White Dwarf is a small, hot, dim star that is the leftover center of an old star.
•White dwarfs have run out of hydrogen and no longer fuse hydrogen to make helium. They may take billions of years to cool completely, and continue to shine.
•The Hertzprung-Russell diagram, or H-R Diagram, is a graph that shows the relationship between a star’s surface temperature and absolute magnitude.
Supernova is a gigantic explosion in which a massive star collapses and throws its outer layers into space. Supernovas can be brighter than an entire galaxy for several days.
•Neutron Star is a star that has collapsed to the point at which all of its particles are neutrons. If a neutron star is spinning, it is called a pulsar.
•Black Holes If the leftovers of a supernova are more than 3 times the mass of the sun, they may collapse further to form a black hole. A black hole is an object that is so massive and dense that even light cannot escape its gravity.
Section 3 Galaxies
•A galaxy is a collection of stars, dust, and gas held together by gravity.
Types of Galaxies
•Spiral Galaxies have a bulge at the center and spiral arms.

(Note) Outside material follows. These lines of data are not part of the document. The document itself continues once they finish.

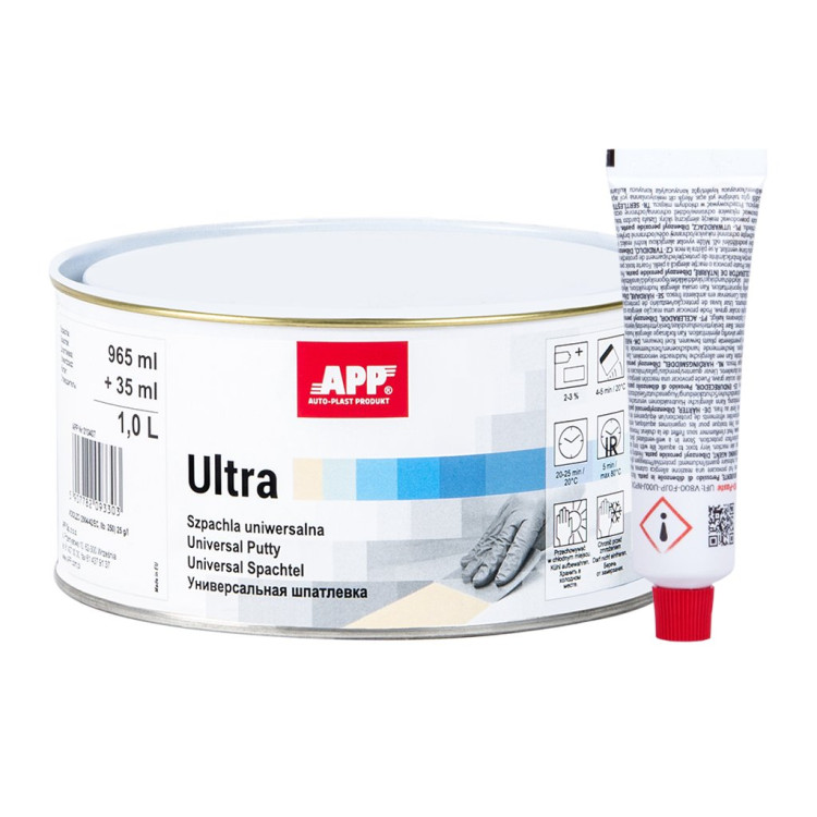 APP Ultra - легкая двухкомпонентная полиэстровая заполняющая шпатлевка. После отвердевания устойчива к воздействию растворителей, кислот, щелочей и соляных растворов невысокой концентрации. Шпатлевка AРР ULTRA характеризуется высокой эластичностью, механической и термической стойкостью, легко накладывается и обрабатывается.
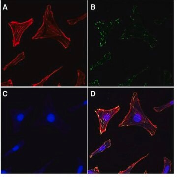 肌动蛋白细胞骨架和局灶性粘连染色试剂盒由三个组件(TRITC结合的鬼笔环肽,抗纽蛋白和DAPI)组成,用于对细胞骨架,局灶性接触以及细胞核中的肌动蛋白丝进行免疫荧光染色。
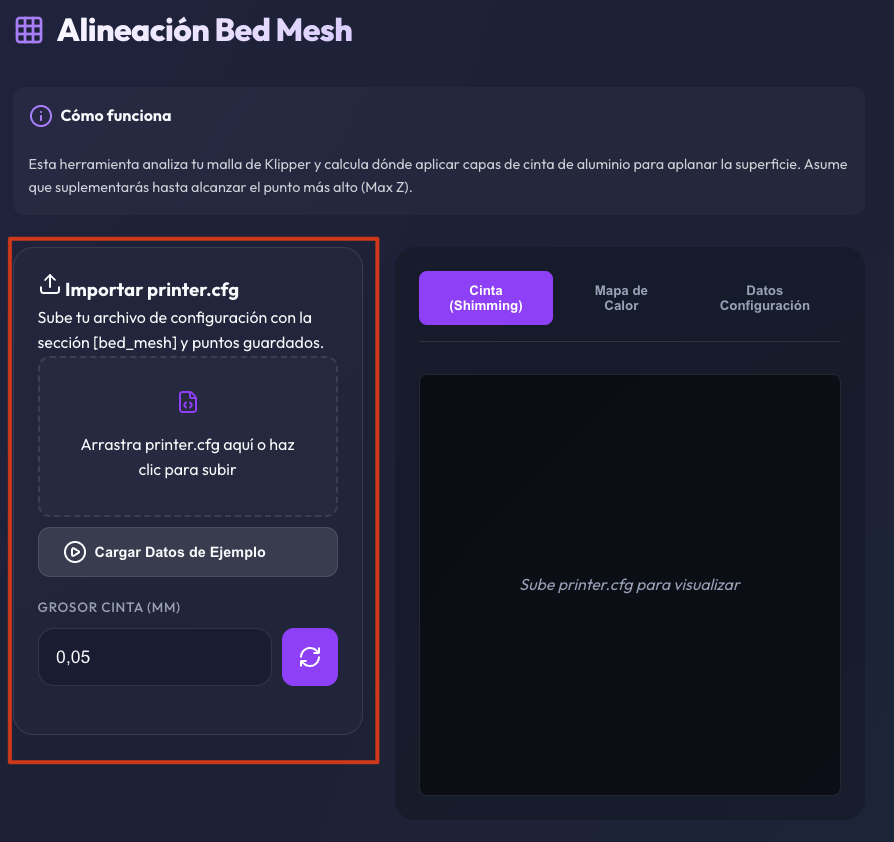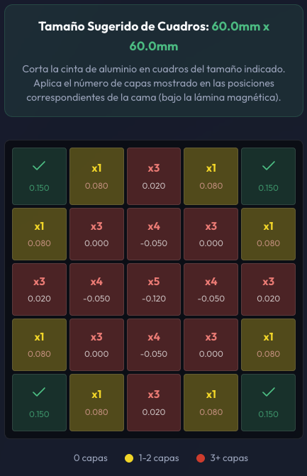 Para poder realizar estas compensaciones hemos creado una herramienta que simplemente exportando nuestro printer.cfg va a obtener la configuración de vuestra impresora y mallado actual y con el nombre **default**, que ha de ser fiable, y introduciendo el grosor de la cinta de aluminio que vayáis a utilizar (a menor grosor mejor ajuste fino) os va a proporcionar el número de cuadrantes a cubrir con x número de capas de cinta de aluminio.
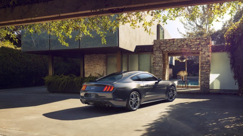 Топовый Mustang ‘2018 оснащается пятилитровым двигателем V8, который получил новую систему впрыска топлива во впускные коллекторы в дополнение к системе прямого впрыска, а также увеличенную с 11:1 до 12:1 степень сжатия. Это позволило повысить максимальные обороты двигателя и мощность, также улучшить топливную эффективность, правда, точные цифры пока не раскрываются. На смену 6-ступенчатому автомату пришел 10-диапазонный агрегат.

•The Milky Way It is difficult to view or own galaxy, the Milky Way. Astronomers think that our solar system is in a spiral galaxy.
•Elliptical Galaxies -About one-third of all galaxies are simply massive blobs of stars. These are called elliptical galaxies. They may be huge or rather small, and contain mostly older stars.

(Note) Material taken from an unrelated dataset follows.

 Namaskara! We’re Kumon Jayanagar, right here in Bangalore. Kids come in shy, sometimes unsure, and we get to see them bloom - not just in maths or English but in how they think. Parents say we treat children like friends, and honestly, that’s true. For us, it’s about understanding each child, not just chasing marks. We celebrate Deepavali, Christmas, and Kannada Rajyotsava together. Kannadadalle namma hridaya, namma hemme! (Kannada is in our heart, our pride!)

•Irregular Galaxies -Galaxies that do not fit into any other class are called irregular galaxies. As their name suggests, they have an irregular shape.
•A large cloud of gas and dust in interstellar space is called a nebula. New stars are often born within nebulas.
•Globular Cluster is a tight group of stars that looks like a ball and contains up to 1 million stars.
•An Open Cluster is a close grouping of stars usually located along the spiral disk of a galaxy.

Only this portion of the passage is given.